> Data for the task
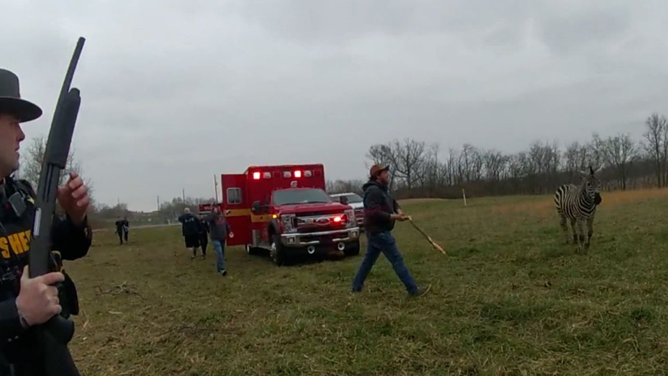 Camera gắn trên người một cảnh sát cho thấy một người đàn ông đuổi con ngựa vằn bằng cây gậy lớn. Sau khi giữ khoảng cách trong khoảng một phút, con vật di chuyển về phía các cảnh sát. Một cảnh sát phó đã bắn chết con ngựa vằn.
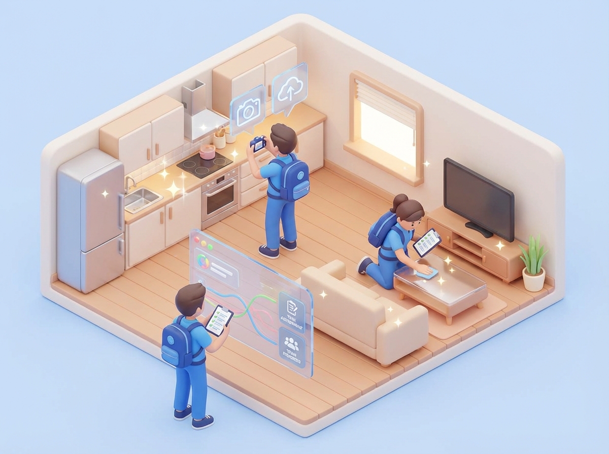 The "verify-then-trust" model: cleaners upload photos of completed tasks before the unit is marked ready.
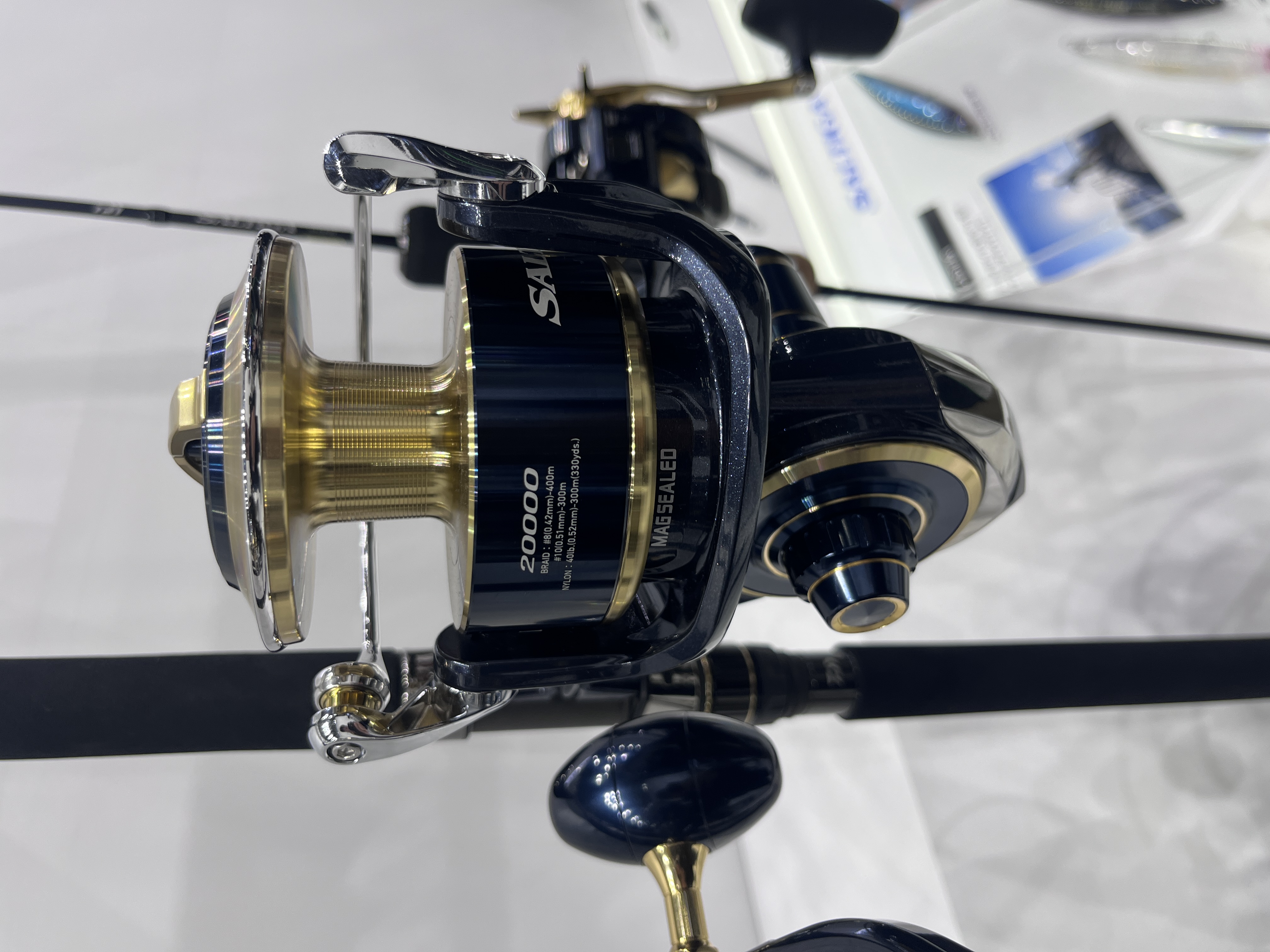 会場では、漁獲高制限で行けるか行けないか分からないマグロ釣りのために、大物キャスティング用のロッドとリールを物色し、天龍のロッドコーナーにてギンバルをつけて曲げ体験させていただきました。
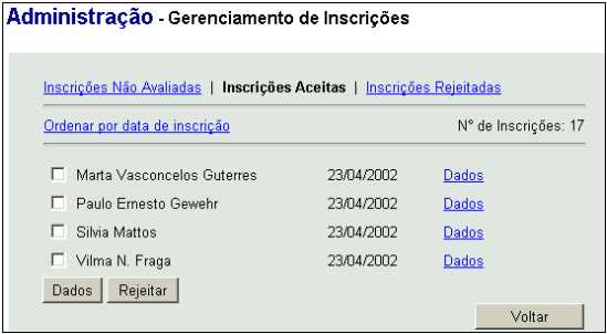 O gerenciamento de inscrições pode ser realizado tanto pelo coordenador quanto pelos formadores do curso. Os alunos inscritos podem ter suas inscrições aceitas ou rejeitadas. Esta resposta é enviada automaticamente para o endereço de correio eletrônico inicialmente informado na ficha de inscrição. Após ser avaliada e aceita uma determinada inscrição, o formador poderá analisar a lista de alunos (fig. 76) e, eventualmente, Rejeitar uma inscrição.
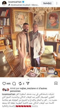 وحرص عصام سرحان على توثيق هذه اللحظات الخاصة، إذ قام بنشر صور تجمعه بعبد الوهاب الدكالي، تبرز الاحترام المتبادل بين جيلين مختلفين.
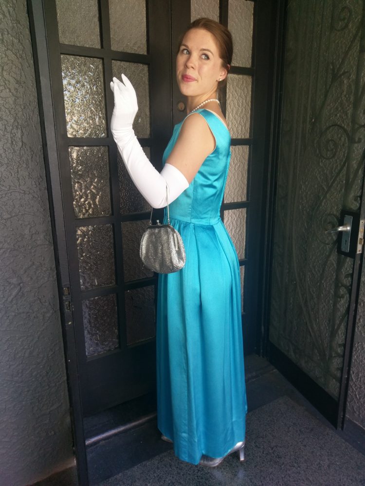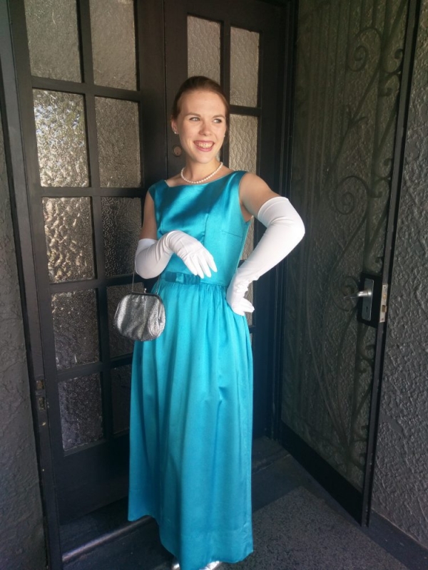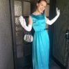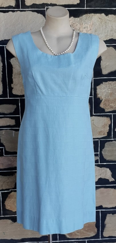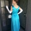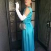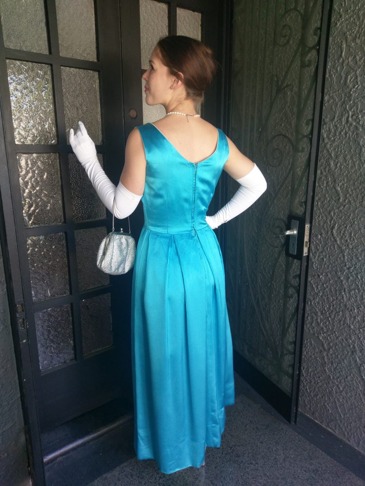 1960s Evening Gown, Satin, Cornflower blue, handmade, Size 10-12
--
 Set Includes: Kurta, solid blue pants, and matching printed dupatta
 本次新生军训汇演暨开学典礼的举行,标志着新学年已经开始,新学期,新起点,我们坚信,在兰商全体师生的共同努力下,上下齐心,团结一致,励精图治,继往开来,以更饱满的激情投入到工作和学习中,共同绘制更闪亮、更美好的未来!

> Your instructions
Using the entries above, transcribe every line from the line containing "Camera gắn trên" through the line containing "会場では、漁獲高制限で行ける". Do not copy pictures.

> Task solution
 Camera gắn trên người một cảnh sát cho thấy một người đàn ông đuổi con ngựa vằn bằng cây gậy lớn. Sau khi giữ khoảng cách trong khoảng một phút, con vật di chuyển về phía các cảnh sát. Một cảnh sát phó đã bắn chết con ngựa vằn.
 The "verify-then-trust" model: cleaners upload photos of completed tasks before the unit is marked ready.
 会場では、漁獲高制限で行けるか行けないか分からないマグロ釣りのために、大物キャスティング用のロッドとリールを物色し、天龍のロッドコーナーにてギンバルをつけて曲げ体験させていただきました。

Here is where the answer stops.